Ach ja, Bonuspunkte für die Deutsche Dialogregie, die haben für den Film auch einen aufgetan der halt Original so klingt wie Harrison Ford in Indiana Jones und ANH


----------



## MichaelG (17. Juli 2020)

Enisra schrieb:


> das ist Falsch
> der Film war kein Flopp, er hat nur zu viel gekostet, was ja kein Problem des Films ist
> Menst das Hater den als schlecht bezeichnet haben *OHNE *den gesehen zu haben



Dadurch wird er (mit) zum Flop. Weil die Rechnung ist: Produktionskosten ab mal 4 ist Erfolg. Weil grob gerechnet die Produktionskostenhöhe noch einmal in Dinge wie Werbung/Marketing fließt.

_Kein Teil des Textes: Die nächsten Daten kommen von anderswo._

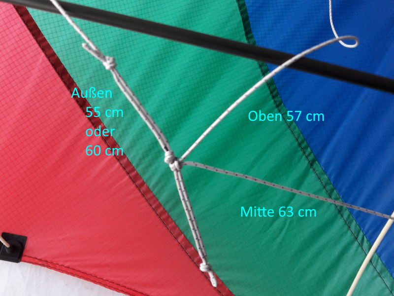 Das Magnet-Segel wirft, bedingt durch die Konstruktion der Nase, im oberen Bereich Falten. Wenn man sich verschiedene Nachbauten anschaut, sind diese Falten verschieden stark ausgeprägt. Also habe ich nochmal den Plan genommen und um die Verbinder-Ausschnitte ergänzt. Diese werden in der Beschreibung relativ zur Stopper-Position angegeben. Dann noch den oberen Leitkantenstab eingezeichnet und so theoretisch die Lage der unteren APAs bestimmt. Daraus ergibt sich ein Abstand von der Stopper-Position zum Stabende von ca. 32cm. Leichte Abweichungen beim Nähen der Nase können nun diesen Abstand beeinflussen. Auch die Verwendung verschieden dicker Endkappen auf den Leitkantenstäben in der Nase können diesen Abstand beeinflussen. Fazit: Wenn die APAs weiter unten sitzen, dann hat man mehr Falten oben im Segel und eine stärker nach unten gebogene Querspreize. Letztlich einen etwas anderen Drachen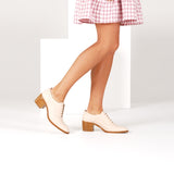 Your perfect go-to shoe, habbot ‘froth’ lace-ups in supple cream coloured Italian calf leather are our classic oxford brogue, complete with a practical mid-height block heel and almond toe. With a timeless, feminine silhouette, this neutral footwear choice is perfect for all occasions

Demzufolge haben die Produktionskosten einen großen Anteil/Wahrscheinlichkeit an einem wirtschaftlichen Erfolg. Weil je teurer ein Film ist desto schwieriger wird es das entsprechende Geld einzuspielen. Klar ein gewisses Grundbudget braucht man. Gute Schauspieler verlangen entsprechende Gehälter, Technik, Spezialeffekte schlucken Geld, Regisseure und Storywriter arbeiten auch nicht kostenlos. Das ist schon alles klar. Aber wenn ein Film durch teure Gagen und überteuerte Effekte, Drehzeitüberschreitungen etc. statt 100  Mio 250 Mio kostet wird es erheblich schwieriger nach der Formel das Geld einzuspielen. Bei 100 Mio sind es 400 Mio die reinkommen müßten, bei 250 Mio schon 1 Mrd.

Und wenn dann noch Fans von der Main-Trilogie enttäuscht aus dem Kino gehen, leidet dann der nächste Film in dem Franchise halt auch darunter was die Sache für diesen auch nicht erleichtert. Deswegen ist der Film kein Flop in dem Sinne aber entspricht wirtschaftlich halt nicht den Erwartungen.


----------



## ego1899 (17. Juli 2020)

Riesenhummel schrieb:


> Alden Ehrenreich sagt genau: "“I’ve heard soooome stuff, but nothing concrete….I had to like, dust off my old Star Wars answers.”
> Also wenn schon zitieren, dann auch richtig. Danke.
> 
> Und in den Clone Wars wurde Crimson Dawn eingeführt. Das deutet für mich schon in eine gewisse richtug.
> ...



Das kannst du gerne an den Autor des Artikels von StarWarsNewsNet.com weiterreichen. Denn im von mir verlinkten Original-Interview, welches dort als Quelle angegeben wurde, ist nichts dergleichen zu finden. Daher habe ich es auch nicht zitiert. 




			Dieser Inhalt steht nur eingeloggten Mitgliedern zur Verfügung.


----------



## solidus246 (18. Juli 2020)

Enisra schrieb:


> ganz Einfach Clickbait
> mich wundert es nicht dass es nicht auch eine "News" gegeben hat zum George Lucas Cut, immerhin ist die Faktenlage dazu ähnlich hoch



Ist hier auf PC Games normal geworden.. ziemlich traurig, das man hier so deutlich verarscht wird. Würde mich nicht wundern, wenn hier eines Tages keiner mehr was postet.


----------